Employees may request those accommodations by contacting:

Most of our classes will be offered in-person. However, a select few classes with very limited enrollment will be offered remotely during autumn quarter. Classes were identified for remote instruction based on space requirements, faculty accommodation requests and pedagogical fit. Students enrolled in affected classes will be notified directly. Additional enrollments in these courses must be approved as part of an accommodation.


Student and Career Services

SCS will offer coaching and mock interview appointments online or by phone. Students should schedule appointments as usual through SCS Online, and the office will follow up by email with a meeting link.

SCS will also continue to offer drop-in hours online. The SCS Online login screen will feature the latest drop-in hour meeting links.
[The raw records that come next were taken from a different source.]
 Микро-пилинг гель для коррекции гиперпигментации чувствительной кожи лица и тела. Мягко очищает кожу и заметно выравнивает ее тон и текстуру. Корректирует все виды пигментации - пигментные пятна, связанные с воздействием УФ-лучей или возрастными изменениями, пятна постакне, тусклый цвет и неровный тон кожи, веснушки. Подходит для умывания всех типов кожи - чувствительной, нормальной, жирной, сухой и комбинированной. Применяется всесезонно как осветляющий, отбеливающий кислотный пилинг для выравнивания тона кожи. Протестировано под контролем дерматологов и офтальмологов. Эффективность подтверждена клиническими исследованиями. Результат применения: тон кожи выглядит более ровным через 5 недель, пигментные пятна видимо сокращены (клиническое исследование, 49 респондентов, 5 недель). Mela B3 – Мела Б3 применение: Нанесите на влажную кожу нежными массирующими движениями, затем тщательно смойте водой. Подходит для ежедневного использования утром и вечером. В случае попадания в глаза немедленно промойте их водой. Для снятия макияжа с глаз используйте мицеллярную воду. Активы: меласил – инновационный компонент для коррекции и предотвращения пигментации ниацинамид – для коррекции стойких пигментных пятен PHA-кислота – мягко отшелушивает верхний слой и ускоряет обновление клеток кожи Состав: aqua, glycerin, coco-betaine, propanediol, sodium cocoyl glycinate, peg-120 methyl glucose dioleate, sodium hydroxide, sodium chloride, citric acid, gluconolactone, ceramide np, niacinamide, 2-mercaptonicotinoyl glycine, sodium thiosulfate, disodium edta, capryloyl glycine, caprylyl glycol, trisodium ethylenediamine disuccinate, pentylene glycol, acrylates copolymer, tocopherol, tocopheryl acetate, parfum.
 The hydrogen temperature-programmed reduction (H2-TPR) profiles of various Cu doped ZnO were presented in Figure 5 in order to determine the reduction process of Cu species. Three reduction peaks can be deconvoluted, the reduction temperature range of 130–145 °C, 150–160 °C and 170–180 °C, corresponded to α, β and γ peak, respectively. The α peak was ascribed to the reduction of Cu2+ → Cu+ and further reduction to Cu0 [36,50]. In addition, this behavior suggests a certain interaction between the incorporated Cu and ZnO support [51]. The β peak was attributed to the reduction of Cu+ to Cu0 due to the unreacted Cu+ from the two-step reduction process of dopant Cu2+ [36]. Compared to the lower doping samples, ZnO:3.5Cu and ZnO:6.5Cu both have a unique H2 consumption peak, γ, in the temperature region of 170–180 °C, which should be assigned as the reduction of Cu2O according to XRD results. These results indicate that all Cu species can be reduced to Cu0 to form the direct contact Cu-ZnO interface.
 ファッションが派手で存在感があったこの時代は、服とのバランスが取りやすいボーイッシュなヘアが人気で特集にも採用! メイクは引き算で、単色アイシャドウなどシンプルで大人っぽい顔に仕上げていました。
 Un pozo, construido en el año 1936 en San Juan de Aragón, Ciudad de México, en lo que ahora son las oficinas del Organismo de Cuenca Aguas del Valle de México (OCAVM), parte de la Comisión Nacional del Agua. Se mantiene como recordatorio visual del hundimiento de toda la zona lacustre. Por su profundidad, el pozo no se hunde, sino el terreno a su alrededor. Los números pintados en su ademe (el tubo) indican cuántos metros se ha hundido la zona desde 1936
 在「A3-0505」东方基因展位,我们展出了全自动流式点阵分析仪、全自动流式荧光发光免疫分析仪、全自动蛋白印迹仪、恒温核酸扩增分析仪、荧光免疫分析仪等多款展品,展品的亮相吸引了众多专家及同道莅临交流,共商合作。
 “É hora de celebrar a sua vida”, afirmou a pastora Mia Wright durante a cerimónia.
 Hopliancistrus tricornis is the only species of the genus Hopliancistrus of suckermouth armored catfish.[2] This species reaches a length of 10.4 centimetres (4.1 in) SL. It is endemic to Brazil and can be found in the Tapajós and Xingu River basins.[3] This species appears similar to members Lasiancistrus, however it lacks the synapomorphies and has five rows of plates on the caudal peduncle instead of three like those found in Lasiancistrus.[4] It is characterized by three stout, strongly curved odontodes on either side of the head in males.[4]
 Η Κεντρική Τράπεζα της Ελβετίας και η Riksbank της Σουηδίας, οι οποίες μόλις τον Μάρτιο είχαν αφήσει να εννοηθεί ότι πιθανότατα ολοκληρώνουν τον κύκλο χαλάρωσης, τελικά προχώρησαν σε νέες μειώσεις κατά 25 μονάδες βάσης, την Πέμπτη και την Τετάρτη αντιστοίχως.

The system will add you to a queue once you join the meeting, and a coach will meet with students one at a time in the order they join.

All of SCS online resources remain available, and students can continue to reach the office during normal business hours via email at lawpath@uw.edu or by phone at (206) 543-9097.


Wellness resources

We encourage the entire UW Law community to take advantage of opportunities and commit to habits that keep each other well — physically and mentally. We understand that we all have different comfort levels with risk and this transition is stressful.

Students have access to a number of wellness resources. Students who have mental health concerns or would like to learn more about resources available to support your mental well-being should reach out to our mental health therapist, Phil Lentz at plentz@uw.edu.

The Whole U provides wellness resources for faculty and staff. Employees may also access resources through UW CareLink.


Caring for our community

As has been the case since the start of the COVID-19 pandemic, the health and well-being of each of you and our community as a whole is our priority.

Please remember to extend grace, compassion and kindness to each other. We are understanding more every day about the mental toll of isolation, which is a serious health risk of this pandemic that is too often unacknowledged. All of us have experienced loss, stress and strain, and these impacts have been more significant for some than for others. You will often not know the level of stress or anxiety that your classmates may be experiencing, making grace and kindness all the more important.

A collective commitment to following health guidance and to building and sustaining a diverse and equitable community will go a long way toward making this academic year a success.